On 10/1/10 6:35 AM, Helmut Eller wrote:
- Raymond Toy [2010-10-01 10:20] writes:
What is the length of *s* or (prin1-to-string *s*) now? Should it be 3 not 4?
Good question. The answer now is 4, not 3. There are 4 code units in the string, so that is the length. Length would be really slow if it had to scan the whole string looking for surrogate pairs and counting them as one instead of two.
Is that the reason for the problem? Confusion between emacs and lisp on the length of the string? It does appear that the string only has 3 characters, as displayed by emacs.
Very likely, Emacs uses something like utf-8 internally and counts code points not code units (expect for line endings which is probably a different issue).
Doesn't acl have this problem too? It also uses 16-bit strings like cmucl.
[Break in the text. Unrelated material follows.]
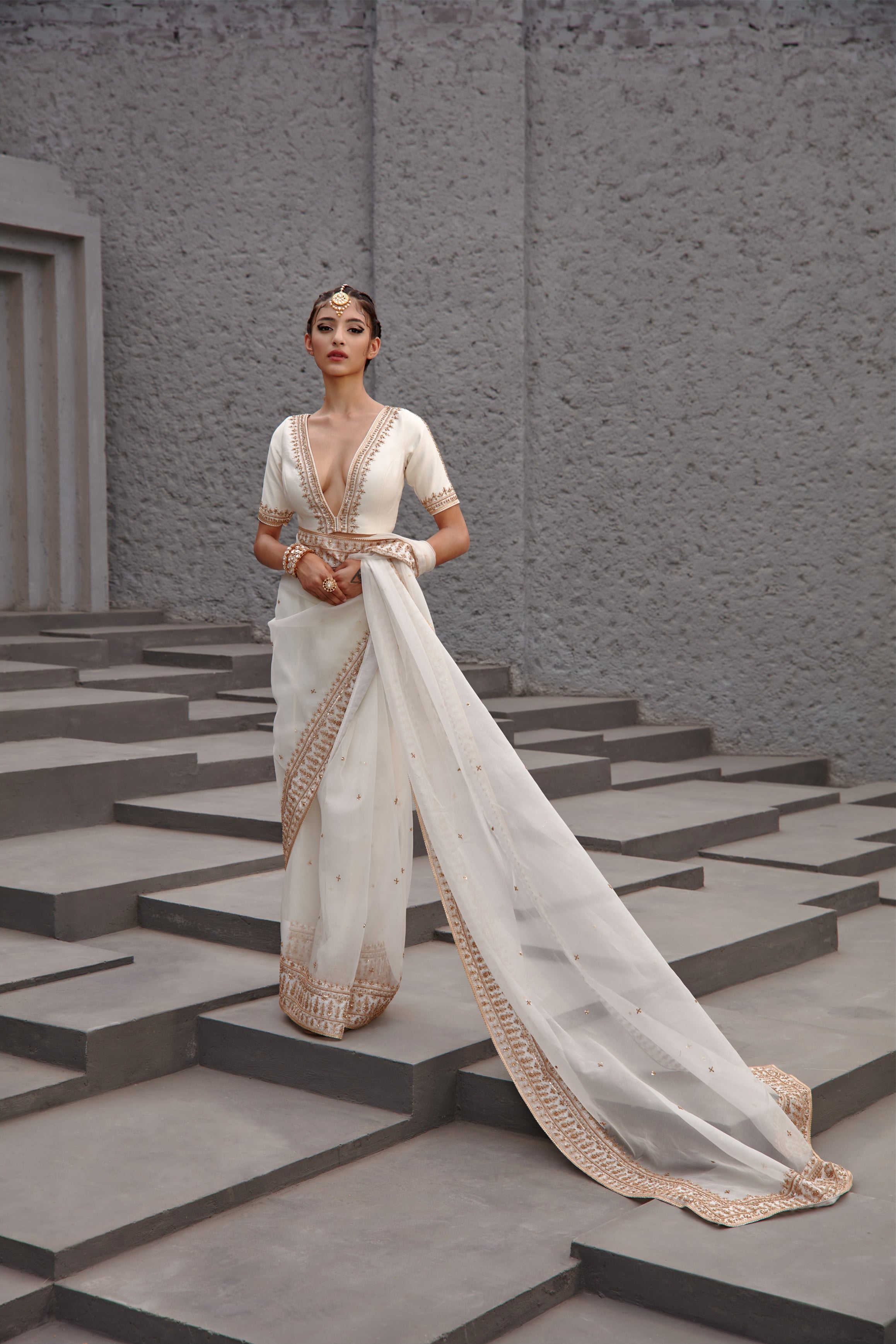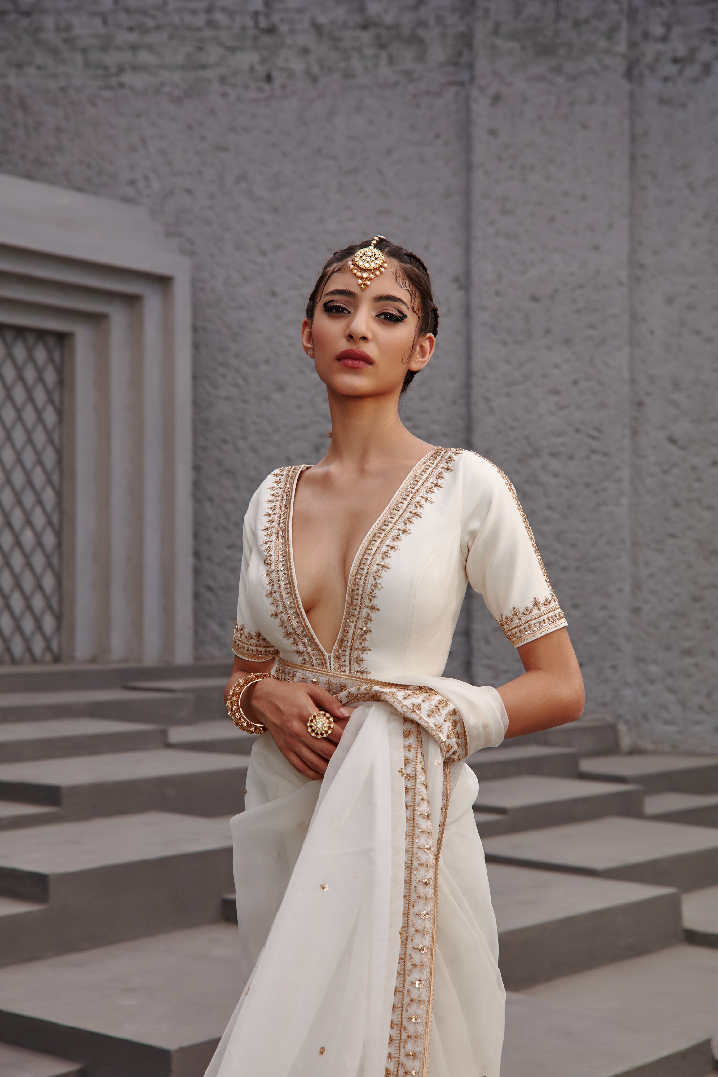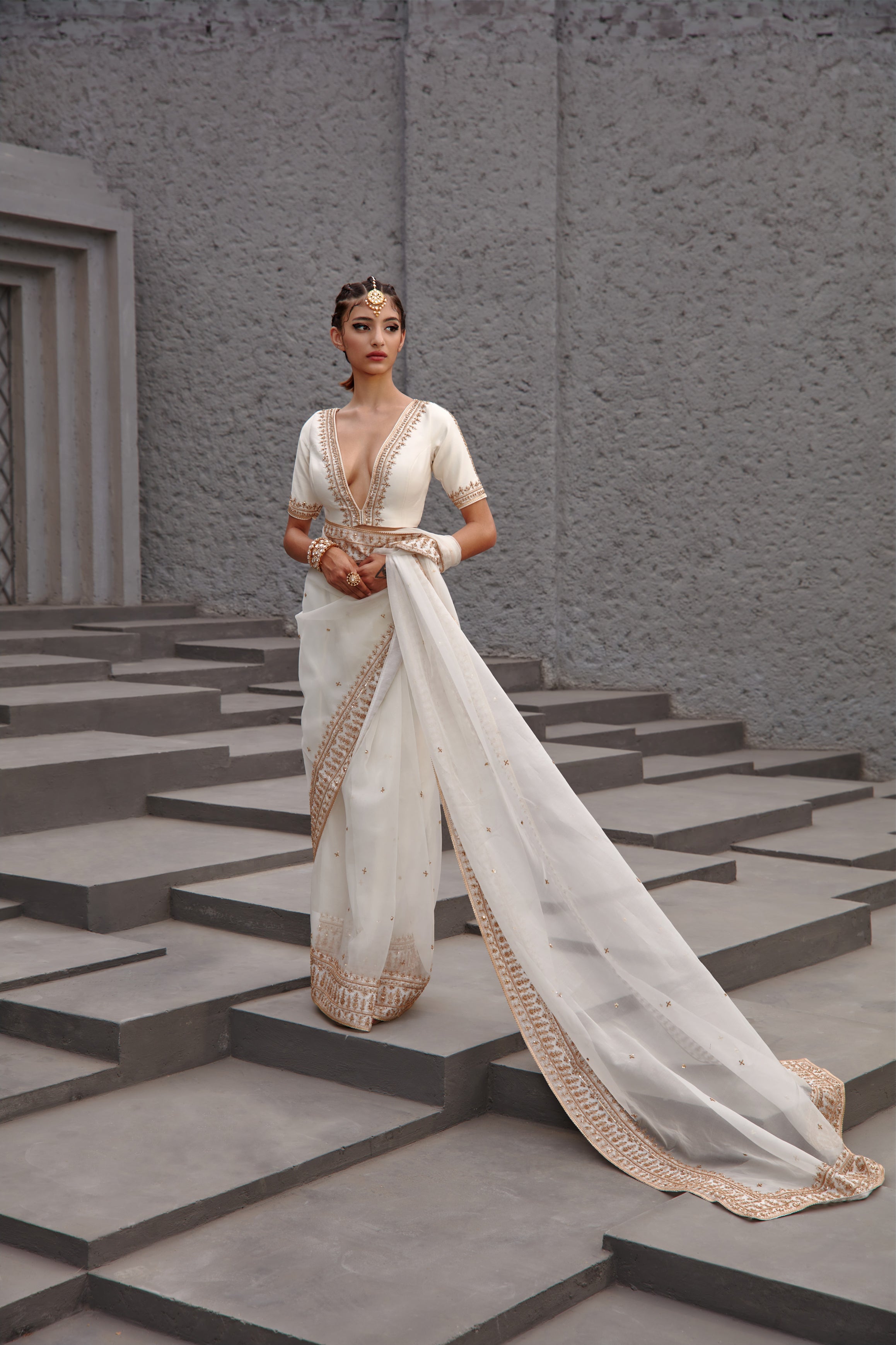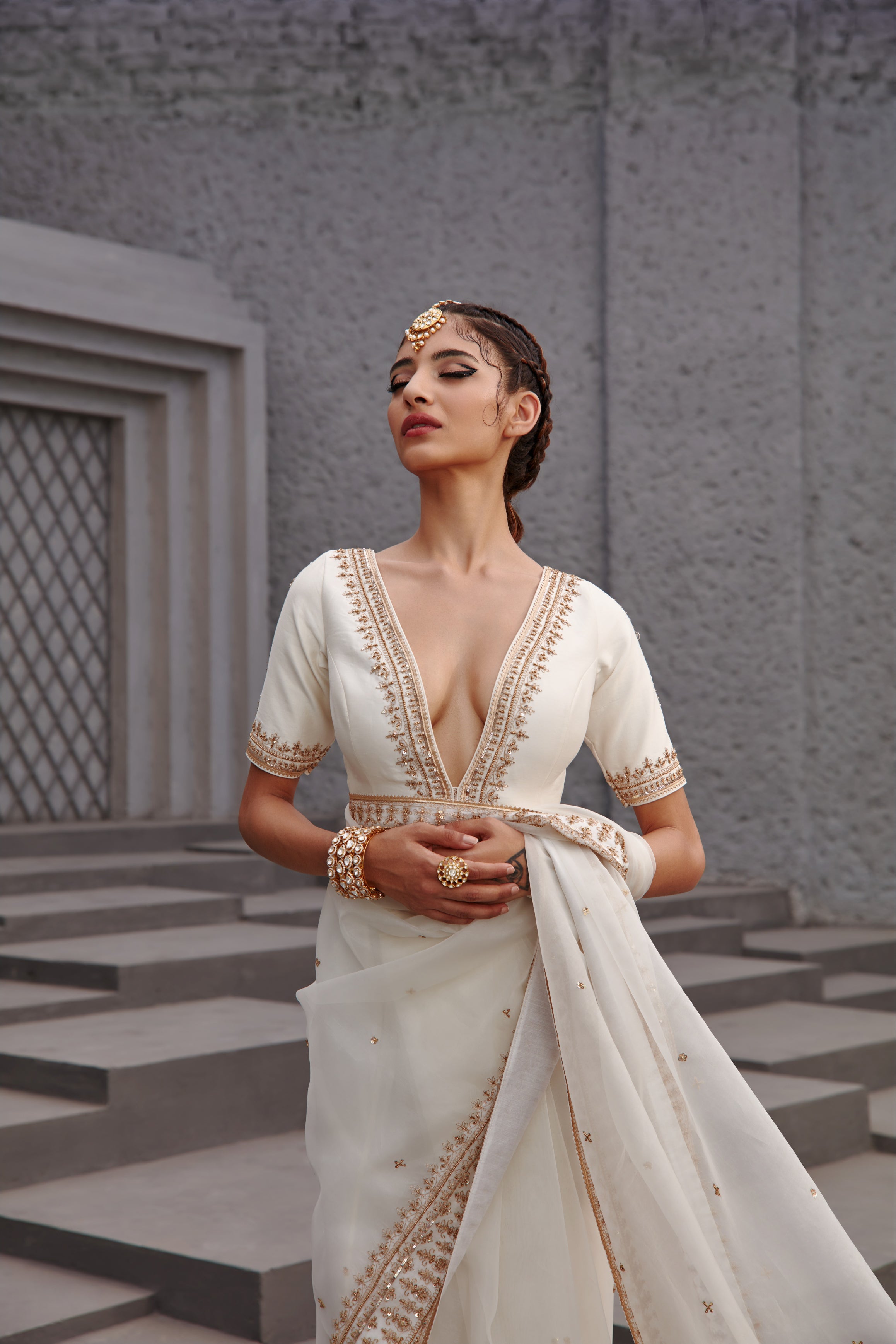 Featuring an organza base pearl white saree paired with a blouse in chanderi with light gold dori and aari work on it.

Allegro has no lisp:codepoint function and (code-char #x10000) returns nil.
The lisp:codepoint function was just a convenience for creating the necessary surrogate pair.
In Java, strings have a length method which returns code units and a codePointCount method for the other use. Maybe CMUCL has something like that and we should use it in SWANK.
CMUCL doesn't currently have a codePointCount function, we that's easy enough to add if slime wants it. Here's one:
(defun codepoint-count (string) "Return the number of code points in the string. The string MUST be a valid UTF-16 string." (do ((len (length string)) (index 0 (1+ index)) (count 0 (1+ count))) ((>= index len) count) (multiple-value-bind (codepoint wide) (lisp:codepoint string index) (declare (ignore codepoint)) (when wide (incf index)))))
Ray